# Accidentally Unplugged During Update Installation



## Dell Fan (Jan 1, 2009)

*My mini laptop was starting to install 24 updates. It was on 5 when it was accidentally unplugged & turned off (because the monitor went dark & someone thought it was done). When I noticed the power light blinking & realized the installations weren't done, I repluggled it, but it's been frozen on installing 5 of 24 updates for the last 2 hrs & the computer bottom feels hot & the cord is very hot.

I already pressed ctrl+alt+delete, but nothing happens. I turned the swtich off again & the power light kept blinking, but the screen that says installing 5 of 24 comes back. 

How do I get out of this & still get the updates later? Thanks.*


----------



## Clucker99 (Mar 2, 2012)

System restore or on boot menu hit f12 safe boot then last good known connection or boot


----------



## Dell Fan (Jan 1, 2009)

*This mini laptop doesn't have any of the F & # keys, so what's the reboot key(s) to press?

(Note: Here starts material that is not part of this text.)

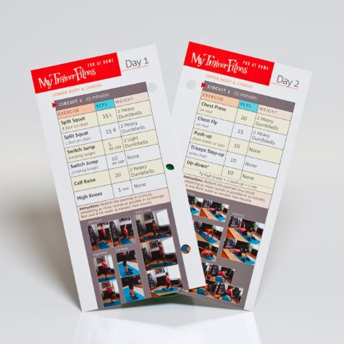 -. Feature : 6 complete workouts on sturdy laminated cards, great for exercise at home and for travel. Each of 6 cards, includes 2 complete ~15-minute circuits. Do entire card at once for 6 days of workouts before starting the cycle over. OR, do just one 15-min circuit per day for 12 days of workouts before starting the circuits over. / No time? No worries! My Trainer Fitness 6 packs workouts are great for grabbing quick sets of stimulating, energizing, health-generating exercises anytime, anywhere. / Perfect fast fitness for when you can't get to the gym...great for energizing your day the healthy way. Head for a card instead of a carb...you will be amazed! / Personal trainer workouts you can do on your own at home or wherever you go. The power of fitness in your hands.
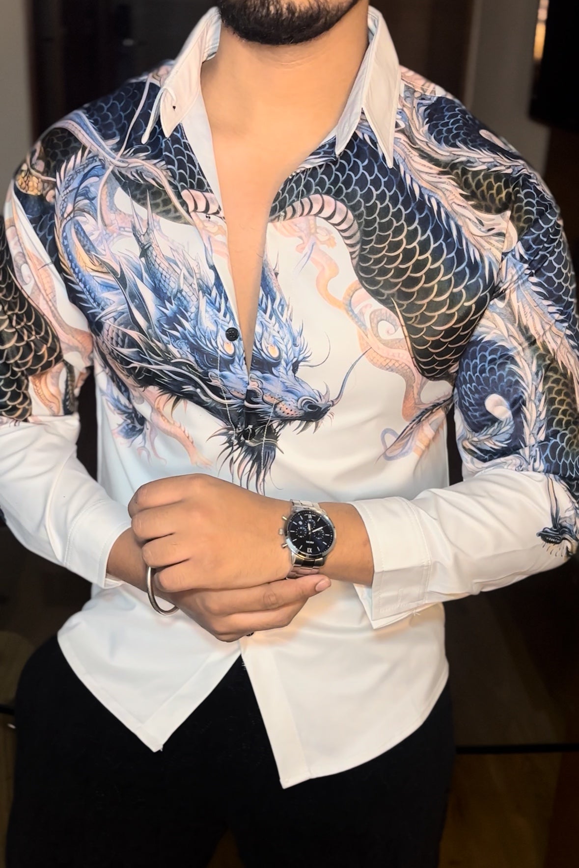 Design: Luxurious shacket with a digital print abstract pattern embellishments.

By the way, when I say it's frozen, the installation ring is still moving, but it's just still been on 5 or 24 updates forever.*


----------



## Dell Fan (Jan 1, 2009)

*OK, after waiting a while, I couldn't take it anymore & turned off the power button to make it stop. It turned off this time w/o the blinking & I turned it back on to make sure it was alright. It seems to be good now.

Thanks anyway.*


----------



## Dell Fan (Jan 1, 2009)

*Uh-oh. I thought I had it back to normal. I shut it off & I tried to turn it off. Now it's been stuck spinning on update 11 of 24 for the past few hrs. I'll have to close this up before I go to bed!*


----------